Someone in my boardgame Discord posted a link to an episode from This Jungian Life, a podcast by three American analysts who take a look at cultural and interpersonal issues through a Jungian lens. The episode is entitled GAMES: metaphor for life, and the OP said most of it contained pretty obvious observations about games–in the midst of which was a statement that games were a sociopathic activity because they allow us to be indifferent to our opponents’ loss or suffering as long as it’s within the bounds of rules.

So obviously I had to check this out for myself. Were these Jungians really dumping on boardgames?

Me and Jung go pretty far back, actually. I was first introduced to his ideas back in high school English in the novel Fifth Business by Robertson Davies. I liked the book so much I read the rest of the trilogy it belonged to. A few years later I found myself working at Toronto’s only bookstore that specialized in psychiatry, psychology, and psychoanalysis (Caversham Booksellers), so I got to do a lot of free reading there as long as I didn’t get the books dirty. (I once had to pay for a copy of one of Camille Paglia’s books because I got hot and sour soup on it.)

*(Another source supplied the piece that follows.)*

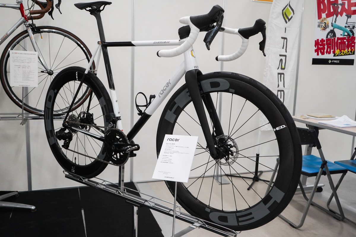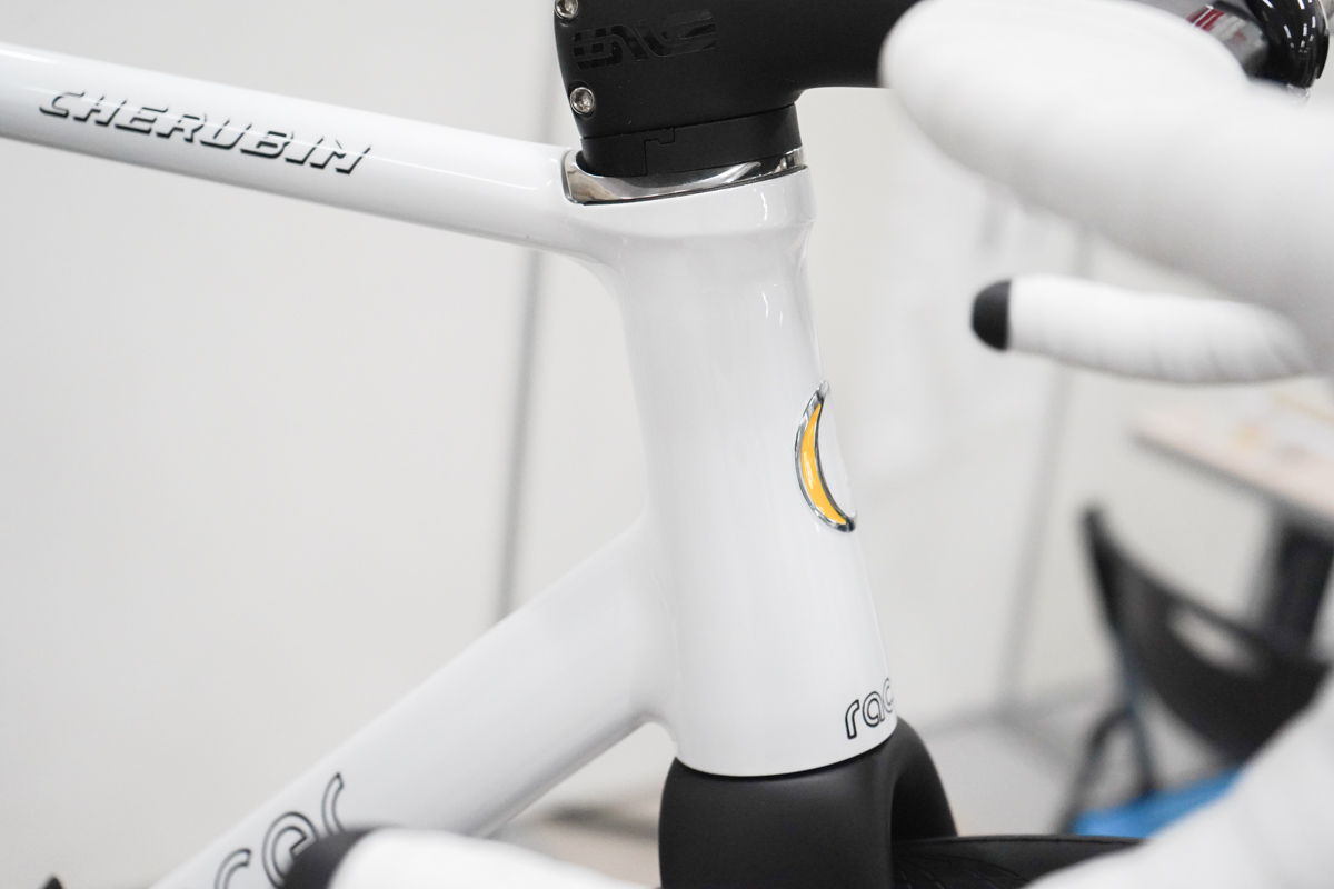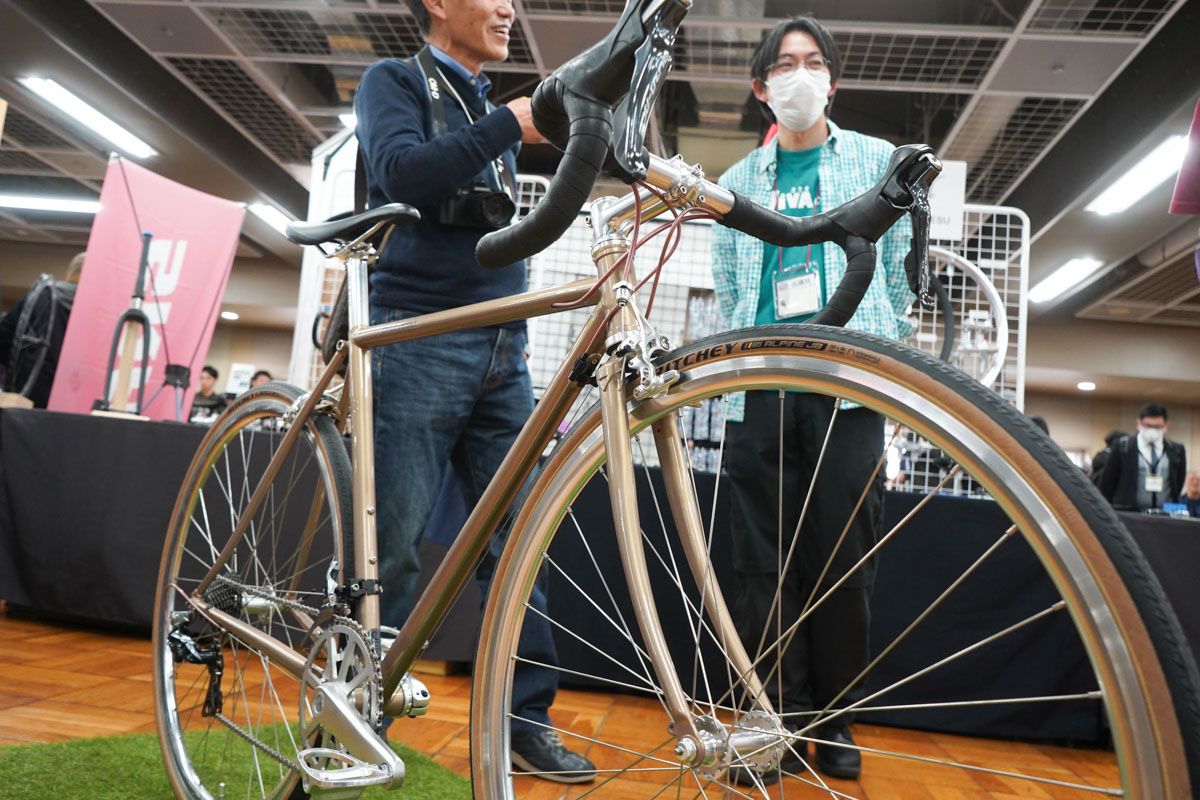 国内外から高い評価を得ているケルビムも会場に実車を用意していた。なかでも印象的だったのが、Racerというスチールバイクだ。近年のトレンドであるケーブルフル内装に対応し、エンヴィのハンドルとステム、フォーク、そしてエアロ感を醸すトップキャップがアセンブルされている。リアエンドはスラムのUDH規格に合わせて製作されており、伝統的なスチールフレームと最新トレンドの見事な融合を見せていた。

What I liked about Jung’s philosophy is that it felt universal, in that it made connections between cultures both past and present to identify those tropes–he called them archetypes–that all human cultures share. Later I discovered Joseph Campbell’s Hero With A Thousand Faces which expanded on these universal narratives. 

So as I listened to the podcast episode, I heard far more nuance than just “games are for sociopaths”. Yes, the hosts do riff on how “gaming” is synonymous with trickery, betting on others’ suffering, exploiting others in order to satisfy the need for dominance, and allow us to distance ourselves from others by treating life “like a game”–as an abstraction–and so on. They discuss Greek mythology and the Book of Job as classic cases of The Gods meddling in human affairs for their own “gaming” purposes, quoting Gloucester from King Lear: “As flies to wanton boys are we to the gods; They kill us for their sport.”

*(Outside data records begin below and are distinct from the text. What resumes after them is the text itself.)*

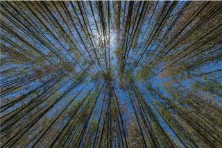林深徑幽,天地寥廓;飛鳥掠過樹梢,啾啾細(xì)鳴,回繞林間,打通喧囂與寧靜的聯(lián)結(jié)。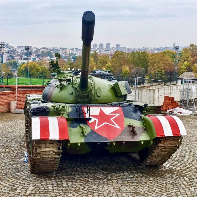 Nach Abpfiff ging es zeitnah raus dem Belgrader Marakana und rein ins Verkehrsgetümmel. Gegen 23:30 Uhr hatte ich mein Hotel erreicht und diesmal stellte ich den Wecker auf 8 Uhr. Ich würde gegen 12 Uhr zum Flughafen aufbrechen müssen und wollte noch ein bisschen von dem halben Tag in Belgrad haben. Ergo hieß es am nächsten Morgen Duschen, Frühstücken, Marc auflesen, Taxi schnappen und nochmal ab zum Stadion Rajko Mitić. Der schon jetzt berühmt berüchtigte Panzer vor der Nordkurve musste endlich mal geknipst werden. Dieser T-55 in Crvena-zvezda-Sonderlackierung wurde im August vor dem entscheidenden CL-Playoff-Spiel gegen die Young Boys aus Bern aufgestellt. Unbestätigten Gerüchte zufolge war der Kampfpanzer aus sowjetischer Produktion dereinst in der Schlacht um Vukovar im Einsatz (1991 im Kroatienkrieg), was in Kroatien ein empörtes Echo auslöste. Die UEFA kommentierte übrigens sehr lapidar: „Der Panzer vor dem Stadion ist kein Problem, solange nicht damit geschossen wird.“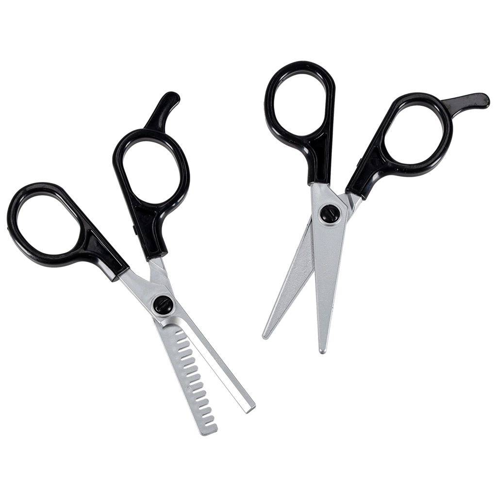 Bürste, Kamm, schneidfreie Scheren, Effilierschere, Lockenwickler, Clips und eine leere Flasche – die komplette Ausstattung für alltägliche Friseurgeschichten.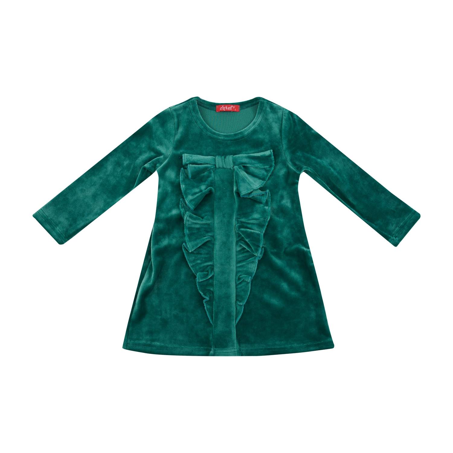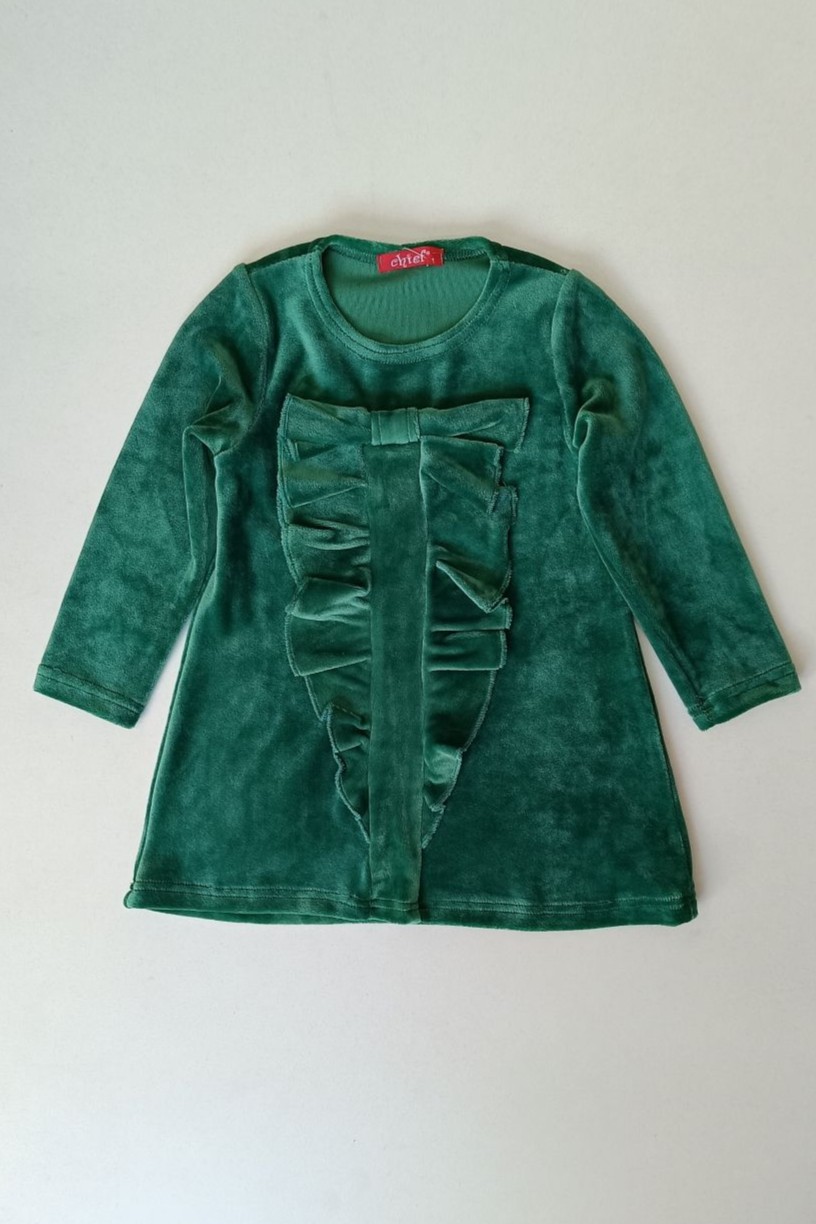 Βελουτέ φόρεμα για κορίτσια από 1 έως 5 ετών με μακρύ μανίκι, άλφα γραμμή με ελαστικότητα και λεπτομέρεια με βολάν

There’s also some talk of society, culture, and economic systems as games. Game theory, an intersection of mathematics and economic theory, is brought up, with a basic explanation of The Prisoner’s Dilemma which left out the important point that the optimal solution to this problem depends on whether you are dealing with a one-off situation (which indeed favours “defection”) or repeated interactions (which has been shown both theoretically and empirically to be dominated by cooperative strategies). I can’t fault the Jungians for not knowing this–it’s outside their specialty–but it’s an important point.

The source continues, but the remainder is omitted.